TaskPaper (BNF) Grammar

Here’s my attempt at an annotated taskpaper grammar. Before I turn it into a ProseMirror schema, can I get some feedback on:

  • Anything I missed or got wrong
  • Better terminology to match Taskpaper convention. (Specifically, I didn’t know if there was better term for “content.”)
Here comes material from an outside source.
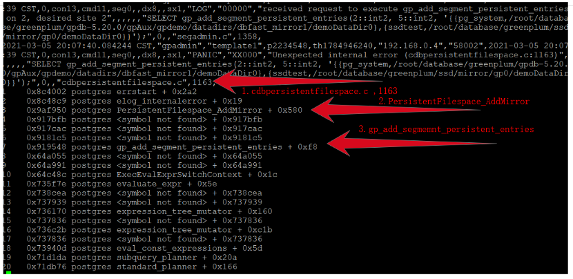 "cdbpersistentfilespace.c",1163行代码抛异常。 PersistentFilespace_AddMirror 被调用 gp_add_segment_persistent_entries被调用
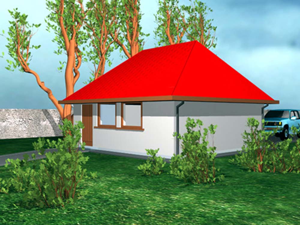 Fundamenty betonowe, ściany zewnętrzne z pustaków MAX 29cm, więźba drewniana, pokrycie dachówką ceramiczną lub blachą dachówkową. Kalenica równolegle do wjazdu.

Interesting things I discovered while writing the grammar:

  • ‘:’ is a valid project name (however it messes up parsing of bodyContentString)
  • “@” and “@()” are valid tags. (And you can even retrieve the value of 'data-' via the API)

Thanks!

///--- GRAMMAR ---///
// A taskpaper document is a series of items.
taskpaperDocument : {item} ;

// An item starts with optional indents followed by a project, task, or note.
// An item ends with a newline preceded by optional white space.
item : {INDENT} (project | task | note) [WHITESPACE] NEWLINE ;

// A project starts with a project name (that ends in a colon).
// A project line may optionally end with tags.
project: PROJECTNAME {tag} ;

// A task starts with optional indents followed by a dash and white space.
// Any text after that forms the content of the task.
task : {INDENT} TASK_OPEN WHITESPACE content ;

// A note starts with an optional indent followed by content.
note: {INDENT} content ;

// A tag starts with whitespace followed by the @ symbol and tag name.
// A tag may end with an optional value enclosed in parentheses.
tag: WHITESPACE TAGNAME [VALUE_OPEN [VALUE] VALUE_CLOSE] ;

// Content is a series of tags and/or text.
content: {tag | TEXT} ;



///--- TERMINAL TOKENS ---///
// Project names are 0 or more non-colon characters terminated a colon.
PROJECT_NAME: /[^:]*:/ ;

// Tasks are indicated by starting with the special dash character.
TASK_OPEN: '-' ;

// Tags names are the @ symbol followed by 0 or more non-tag-specific characters.
TAG_NAME: /@[^@()]*/ ;

// Parentheses enclose the value of a tag.
VALUE_OPEN:  '(' ;
VALUE_CLOSE: ')' ;

// The value can be anything except for the value close.
// If the VALUE_CLOSE is escaped, it is treated as part of the value.
VALUE: /([^)]|(\\))*/ ;

// Taskpaper only indents with tabs.
INDENT: '\t' ;

TEXT: /./ ;
WHITESPACE: /\s+/ ;
NEWLINE: '\n' ;